Correction
13 Aug 2013: Chen X, Gan T, Liao Z, Chen S, Xiao J (2013) Correction: Foxp3 (−/ATT) Polymorphism Contributes to the Susceptibility of Preeclampsia. PLOS ONE 8(8): 10.1371/annotation/8d966a21-a3a3-448a-b29f-a843674b8c49. https://doi.org/10.1371/annotation/8d966a21-a3a3-448a-b29f-a843674b8c49 View correction
Figures
Abstract
Objective
To evaluate the potential influence of Foxp3 polymorphism on preeclampsia (PE) susceptibility, we conducted a case-control study in Han Chinese women.
Methods
Foxp3 genotyping was determined by polymerase chain reaction with sequence-specific primers (PCR-SSP) in 156 PE patients and 252 age-frequency matched controls. Immunohistochemical staining was used to detect the expression of Foxp3 specific transcription factor in 30 PE and 30 normal pregnant women.
Results
The positive rate of Foxp3 expression in PE (26.67%) was significant difference from that in normal control (63.33%, P<0.05). The frequency of Foxp3-6054 TT genotype was significantly lower in PE patient than that in control. No significant difference was found in Foxp3-3279 genotypes between PE and control, as well as for the variant allele. The frequency of Foxp3-6054A/−3279C haplotype in PE was significantly higher than that in control (P<0.01), while the frequency of Foxp3 6054T/−3279C haplotype was significantly lower in PE patient than that in control (P<0.01).

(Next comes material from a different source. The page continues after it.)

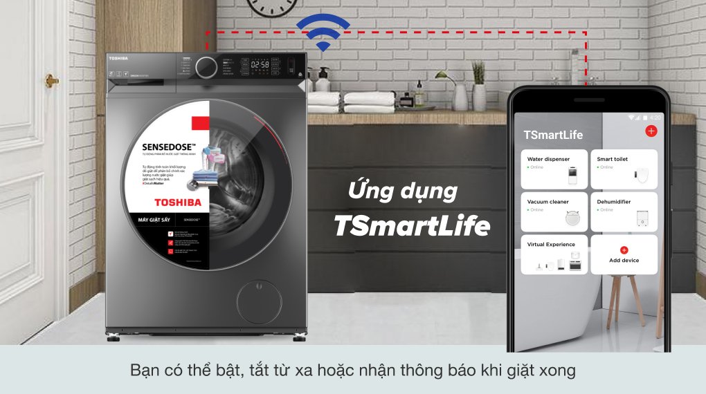 – Kết nối Wifi và điều khiển từ xa bằng điện thoại thông minh qua ứng dụng TSmartLife: cài đặt ứng dụng này vào thiết bị di động của mình, kết nối với máy giặt là bạn có thể quản lý hoạt động thiết bị, theo dõi chương trình giặt và sử dụng các tiện ích khác dễ dàng.

Citation: Chen X, Gan T, Liao Z, Chen S, Xiao J (2013) Foxp3 (−/ATT) Polymorphism Contributes to the Susceptibility of Preeclampsia. PLoS ONE 8(4): e59696. https://doi.org/10.1371/journal.pone.0059696
Editor: Hongmei Wang, Institute of Zoology, Chinese Academy of Sciences, China
Received: October 8, 2012; Accepted: February 17, 2013; Published: April 1, 2013
Copyright: © 2013 Chen et al. This is an open-access article distributed under the terms of the Creative Commons Attribution License, which permits unrestricted use, distribution, and reproduction in any medium, provided the original author and source are credited.
Funding: The authors have no support or funding to report.
Competing interests: The authors have declared that no competing interests exist.
Introduction
Preeclampsia (PE) is a severe complication of pregnancy with a worldwide incidence of 2-10%. It is also one of the leading causes of maternal and perinatal morbidity and mortality. PE has been associated with insufficient trophoblast invasion of maternal spiral arteries, impaired placental perfusion, and widespread endothelial cell dysfunction [1]–[3]. The causes leading to these pathological alterations remain unclear. Emerging evidence suggests that an excessive maternal inflammatory response to cytokinemediated endothelial damage during pregnancy plays a crucial role in PE pathogenesis.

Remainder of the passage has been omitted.